Speed up .sng header parsing (~3.3×) and add readSongIni for metadata-only scans#16
Open
elicwhite wants to merge 6 commits intoGeomitron:masterfrom
Open
Speed up .sng header parsing (~3.3×) and add readSongIni for metadata-only scans#16elicwhite wants to merge 6 commits intoGeomitron:masterfrom
elicwhite wants to merge 6 commits intoGeomitron:masterfrom
Conversation
Before, in-flight header bytes were kept as an array of chunks, and every header-length probe (3 per file) rebuilt a fresh Uint8Array by scanning every byte of every chunk. `mergeUint8Arrays` then reassembled the full buffer with an O(n^2) `buffers.slice(0, i).reduce(...)` inside a forEach. CPU profiling on 204 .sng files showed these two functions accounting for 57ms of self-time — more than the rest of the header parse combined. This commit stores the header as a single `Uint8Array` that grows geometrically as chunks arrive. Length probes become a `byteCount` comparison + `DataView.getBigUint64`, the full-header parse is a zero-copy `subarray`, and leftover bytes for the next file are a single `slice`. The old `getHeaderBuffer`, `mergeUint8Arrays`, and free-function `readBigUint64LE` helpers are gone. Benchmark (204 .sng files, concurrency=32, node 24.11): before: mean 11.51 ms/file, 2540 files/s after: mean 5.98 ms/file, 4785 files/s delta: -48% latency, +88% throughput Verified end-to-end extraction still produces byte-identical output (MIDI/JPEG/Opus magic bytes intact; generated song.ini well-formed).

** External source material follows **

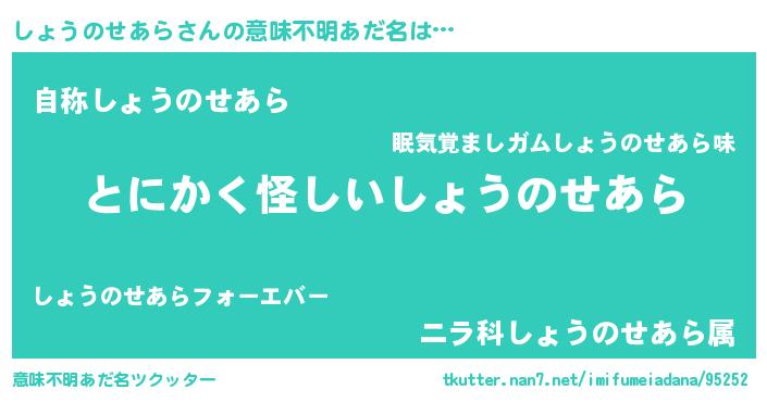 | 男性向けラノベタイトル風あだ名 | 『しょうのせあらに滅ぼされるだけの簡単なお仕事です』 |

`parseSngHeader` was constructing three `binary-parser.Parser` instances on every call. `binary-parser` generates its parse function via `new Function()` on first `.parse()` invocation and caches it on the Parser instance, so rebuilding the Parser per call threw away that cache and paid allocation for the method-chain state each time. Move the three Parser definitions to module scope so they're built (and their parse functions compiled) exactly once per process. Benchmark (204 .sng files, concurrency=32, node 24.11): before: mean 5.98 ms/file, 4785 files/s after: mean 5.51 ms/file, 5197 files/s delta: -8% latency, +9% throughput The bulk of the remaining header-parse cost is inside `binary-parser`'s generated code, not in Parser construction; this is a small-but-free incremental win on top of the header-buffer rewrite.
`generateIniFileText` was called on every parsed header, even when
`config.generateSongIni` was false — in which case its output was only
used inside branches gated by the same flag and otherwise discarded.
This meant every header parse allocated a `TextEncoder`, built the ini
text string, and encoded it into a Uint8Array for nothing on the common
scanner path (browser/CLI tools that only read metadata).
Move the call inside the `if (this.config.generateSongIni)` branch, and
restructure the surrounding `emit('header')` / `readFile` dispatch so
the disabled path no longer runs any ini-related work.
Benchmark (204 .sng files with generateSongIni: false, concurrency=32,
node 24.11):
before: mean 5.51 ms/file, 5197 files/s
after: mean 4.97 ms/file, 5648 files/s
delta: -10% latency, +9% throughput
Behavior is unchanged when `generateSongIni: true`; the ini text is
still generated and the song.ini file is still emitted first.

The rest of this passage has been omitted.